## Provided data
____

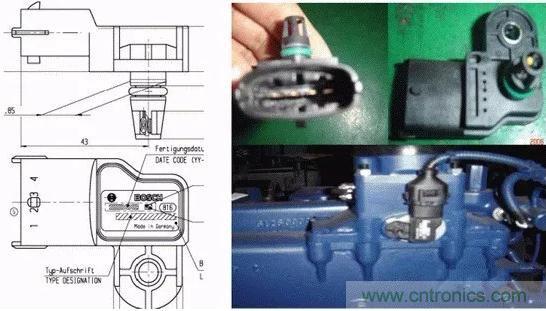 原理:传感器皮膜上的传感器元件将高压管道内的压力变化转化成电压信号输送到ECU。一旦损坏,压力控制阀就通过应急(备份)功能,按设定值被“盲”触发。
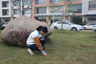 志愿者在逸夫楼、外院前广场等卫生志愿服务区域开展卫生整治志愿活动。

____

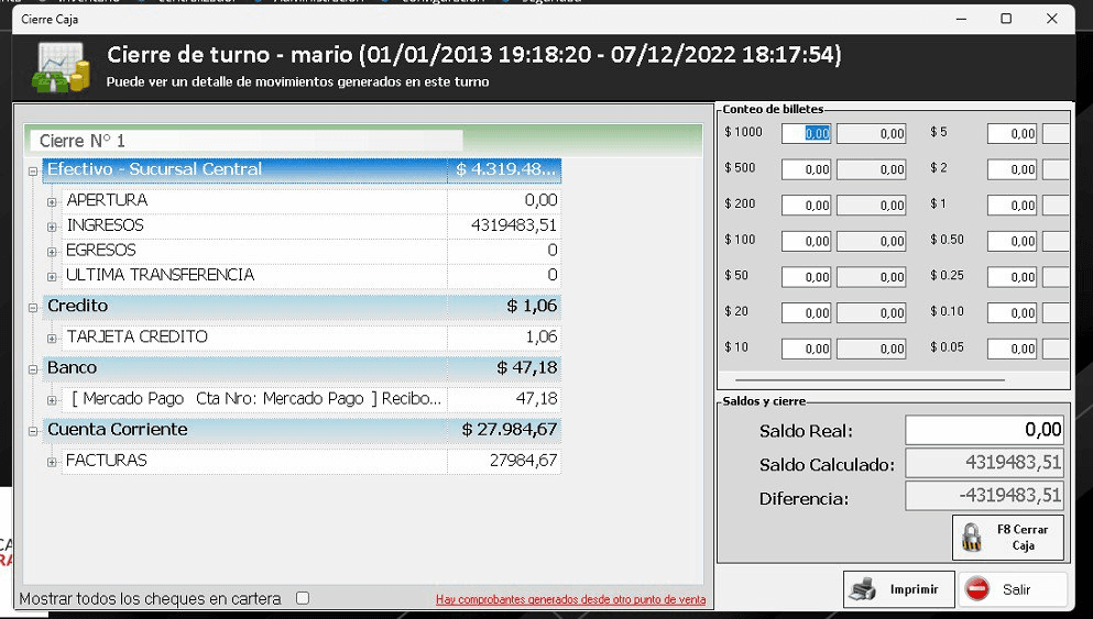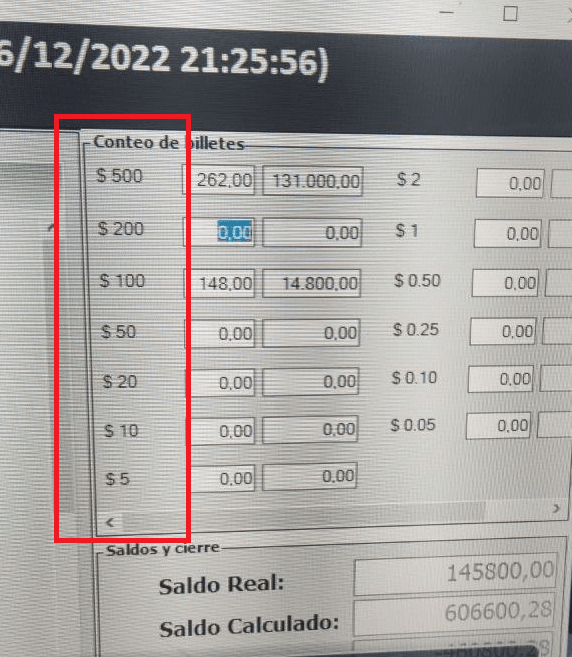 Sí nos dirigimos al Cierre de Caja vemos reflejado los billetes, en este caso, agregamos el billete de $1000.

____

## What you should do
Please output, exactly as written, the lines above from the one holding "原理:传感器皮膜上的传感器元" through the one holding "志愿者在逸夫楼、外院前广场等卫生志愿服务区域开展卫生整治志愿活动。", both included, with the pictures omitted.

## Answer
 原理:传感器皮膜上的传感器元件将高压管道内的压力变化转化成电压信号输送到ECU。一旦损坏,压力控制阀就通过应急(备份)功能,按设定值被“盲”触发。
 志愿者在逸夫楼、外院前广场等卫生志愿服务区域开展卫生整治志愿活动。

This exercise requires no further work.